Our contracts with the U.S. government are also subject to audits. Like many defense contractors, we have received audit reports, which recommend that certain contract prices should be reduced to comply with various government regulations. Some of these audit reports involved substantial amounts. We have made voluntary refunds in those cases we believe appropriate, have settled some allegations and continue to litigate certain cases. In addition, we accrue for liabilities associated with those matters that are probable and can be reasonably estimated. The most likely settlement amount to be incurred is accrued based upon a range of estimates. Where no amount within a range of estimates is more likely, then we accrued the minimum amount.
As previously disclosed, the Department of Justice (DOJ) sued us in 1999 in the U.S. District Court for the Southern District of Ohio, claiming that Pratt & Whitney violated the civil False Claims Act and common law.
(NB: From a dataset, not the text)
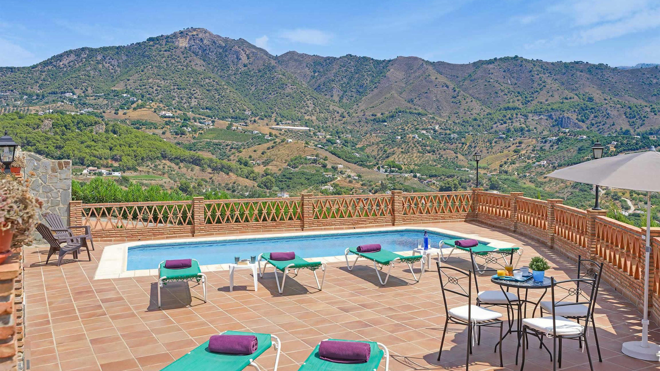 Die Anlage hat einen großen Swimmingpool (4x7,5 m lang und 1x1,5 m tief) mit Rasenfläche und einer hübschen Sonnenterrasse — zur Entspannung einladende Sonnenliegen sind vorhanden. Von hier aus gelangt man auch verhältnismäßig schnell zu den eindrucksvollen andalusischen Städten arabischen Ursprungs wie Granada, Sevilla und Cordoba. Und zu den Stränden von Nerja sind es nur 10 Minuten Autofahrt.

This lawsuit relates to the “Fighter Engine Competition” between Pratt & Whitney’s F100 engine and General Electric’s F110 engine. The DOJ alleges that the government overpaid for F100 engines under contracts awarded by the U.S. Air Force in fiscal years 1985 through 1990 because Pratt & Whitney inflated its estimated costs for some purchased parts and withheld data that would have revealed the overstatements. At trial of this matter, completed in December 2004, the government claimed Pratt & Whitney’s liability to be $624 million. On August 1, 2008, the trial court judge held that the Air Force had not suffered any actual damages because Pratt & Whitney had made significant price concessions. However, the trial court judge found that Pratt & Whitney violated the False Claims Act due to inaccurate statements contained in the 1983 offer. In the absence of actual damages, the trial court judge awarded the DOJ the maximum civil penalty of $7.09 million, or $10,000 for each of the 709 invoices Pratt & Whitney submitted in 1989 and
later under the contracts. Both the DOJ and UTC have appealed the decision. Should the government ultimately prevail, the outcome of this matter could result in a material effect on our results of operations in the period in which a liability would be recognized or cash flows for the period in which damages would be paid.
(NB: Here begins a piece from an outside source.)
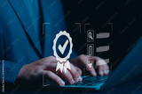 Hand shows sign of top service Quality assurance, Guarantee, Standards, ISO certification and standardization concept, satisfaction, service experience, show the standards of products and services.

In December 2008, the Department of Defense (DOD) issued a contract claim against Sikorsky to recover overpayments the DOD alleges it has incurred since January 2003 in connection with cost accounting changes approved by the DOD and implemented by Sikorsky in 1999 and 2006. These changes relate to the calculation of material overhead rates in government contracts. The DOD claims that Sikorsky’s liability is approximately $83 million (including interest through December 2009). We believe this claim is without merit and Sikorsky filed an appeal in December 2009 with the U.S. Court of Federal Claims.
Except as otherwise noted above, we do not believe that resolution of any of these matters will have a material adverse effect upon our competitive position, results of operations, cash flows or financial condition.
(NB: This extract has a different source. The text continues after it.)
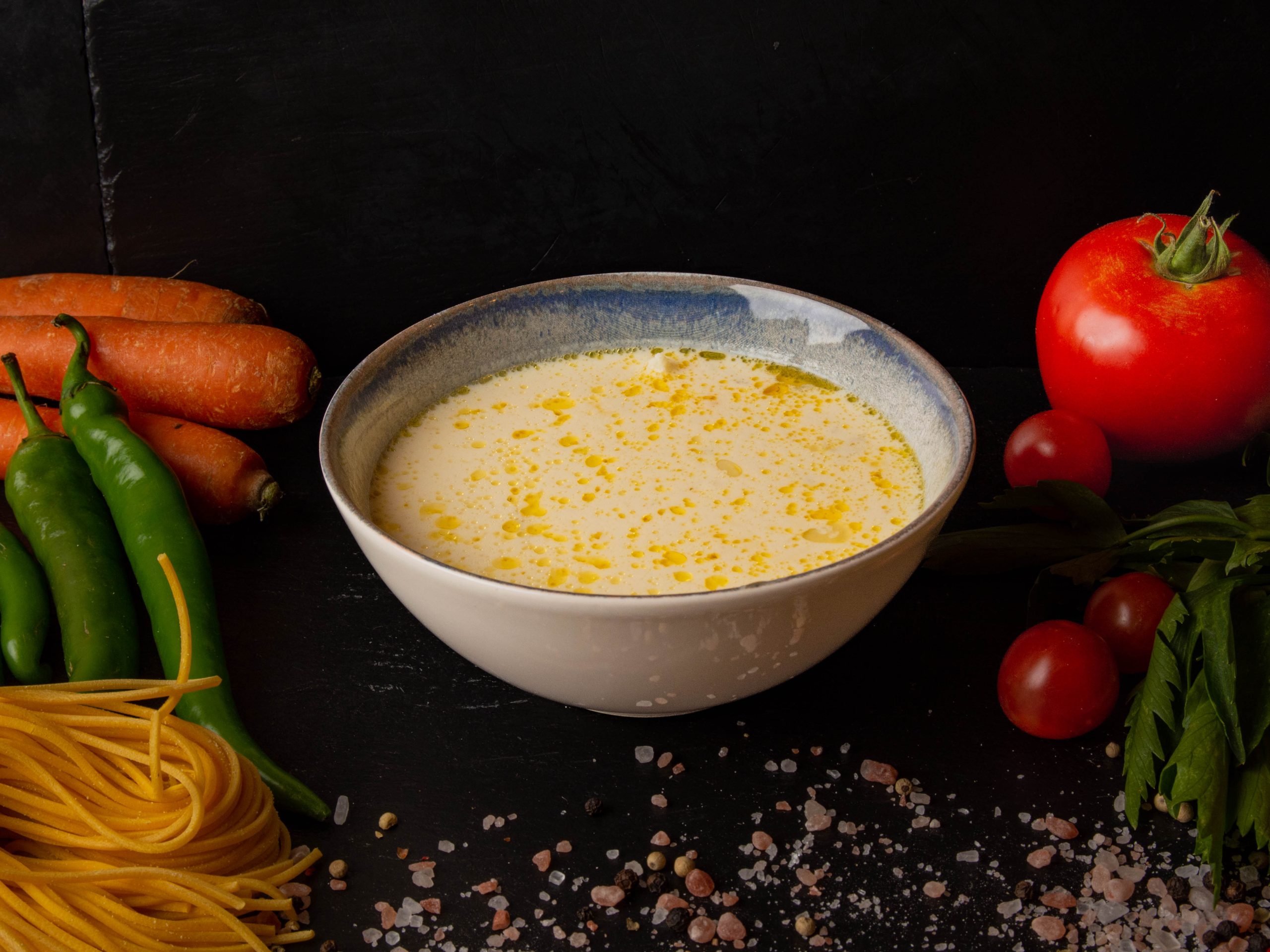 Veal tripe, sour cream, mixed spices with garlic sauce, and pickled bell peppers.

Other. As described in Note 14, we extend performance and operating cost guarantees beyond our normal warranty and service policies for extended periods on some of our products. We have accrued our estimate of the liability that may result under these guarantees and for service costs, which are probable and can be reasonably estimated.
We have accrued for environmental investigatory, remediation, operating and maintenance costs, performance guarantees and other litigation and claims based on our estimate of the probable outcome of these matters. While it is possible that the outcome of these matters may differ from the recorded liability, we believe the resolution of these matters will not have a material impact on our competitive position, results of operations, cash flows or financial condition.
We also have other commitments and contingent liabilities related to legal proceedings, self-insurance programs and matters arising out of the normal course of business. We accrue contingencies based upon a range of possible outcomes. If no amount within this range is a better estimate than any other, then we accrue the minimum amount.
Note 17: Segment Financial Data
Our operations are classified in six principal segments. The segments are generally determined based on the management of the businesses and on the basis of separate groups of operating companies, each with general operating autonomy over diversified products and services.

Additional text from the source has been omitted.